Hulme’s hidden treasures

Reporter: JANICE BARKER
Date published: 15 November 2010


School’s time team unearths 400-year-old Bishops’ Bible
A 400-year-old version of the New Testament will take pride of place in an exhibition to celebrate Hulme Grammar’s four centuries of schooling next year.

It has been unearthed by a team of former scholars and teachers who are searching out all the Chamber Road school’s hidden treasures and archives for the school’s 400-year anniversary.

Visitors will also be shown the 1611 datestone from the original, now-demolished, school building in Oldham town centre — thought to be the oldest date stone in the borough — and now preserved as part of the Werneth school.

The exhibition will be the major part of the celebrations, which include a firework spectacular and musical events.

The team is made up of former pupil Alan Petford (1964-72), now a part-time history lecturer; Ian Holt, former physics teacher from 1968-2004, and a pupil in 1955-62; Jean Sanders, former art teacher 1981-98; and Oldham councillor Mike Buckley, a governor and former pupil from 1959-66.

Although the existence of the New Testament was known about, no one was quite sure where it was, until the team unearthed it from an old cupboard.

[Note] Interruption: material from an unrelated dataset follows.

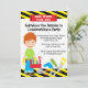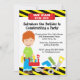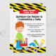 Comece a comemorar com este adorável conserto que ele convida. Perfeito para aquele garoto de aniversário! Ele tem uma borda estriada diagonal amarela e preta no topo e na base. Há um sinal vermelho que diz "Nós podemos consertá-lo". Tem um garoto de cabelo vermelho segurando uma caixa de ferramentas vermelha. Há ferramentas como: furadeira, serra, alicate, chave de fenda, e um parafuso na parte inferior do convite. Veja os muitos outros designs nesta linha. ©babystar
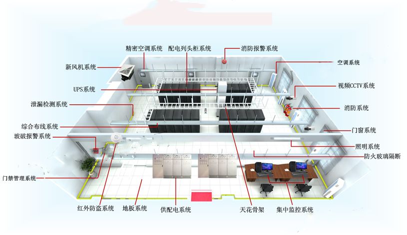 IDC機房設計需使機房環(huán)境滿足設備和人員對溫度、濕度、潔凈度、電磁場強度、噪音干擾、電氣安全、電源安全、防水、抗震、防雷擊和接地等要求。

Known as a Bishops’ Bible, it is a rare replica of one first published in 1585, predating the King James Bible.

It has a translation of the testament by a Catholic scholar on the left and a more puritan Protestant version on the right.

It is dated 1617 and was edited by William Fulke, master of Pembroke College, Cambridge.

The leather bindings and loose pages will now be repaired and restored by Formby’s of Ramsbottom, who bind all the Acts of Parliament passed by the Government and printed on vellum.

The team are also keen to trace paintings of King George V and Oldham MP John Platt which used to hang in the school, and will be appealing for past pupils and teachers to donate old photos, school magazines and sports records for the archive.

Mike Buckley, who is also Oldham Council’s heritage champion, said: “The deed for the school dates back to 1606, but it was endowed in 1611 as Oldham Grammar School.

“The school was set up as a charity and was in School Croft, near the former St Peter’s Church.”

The building was a simple stone one with mullioned windows and two stone fireplaces, and was behind the Dr Syntax public house.

But a report in 1865 said: “It is placed in a filthy lane, inhabited by the lowest Irish settlers and is enclosed by a slaughterhouse.”

The school was also in disrepair and the schoolmaster had to whitewash the building himself. By 1866 it had closed.

However, powerful local trustees decided to revive it with money from Manchester’s William Hulme Trust, which had been set up to fund four poor students at Brazenose College, Oxford.

The industrialisation of the Manchester area had made the investments in this charity incredibly valuable, and the trust granted money to found the new Oldham grammar school, provided the name of Hulme was included in its title.

The new school for boys and girls opened in 1895 and cost £18,000.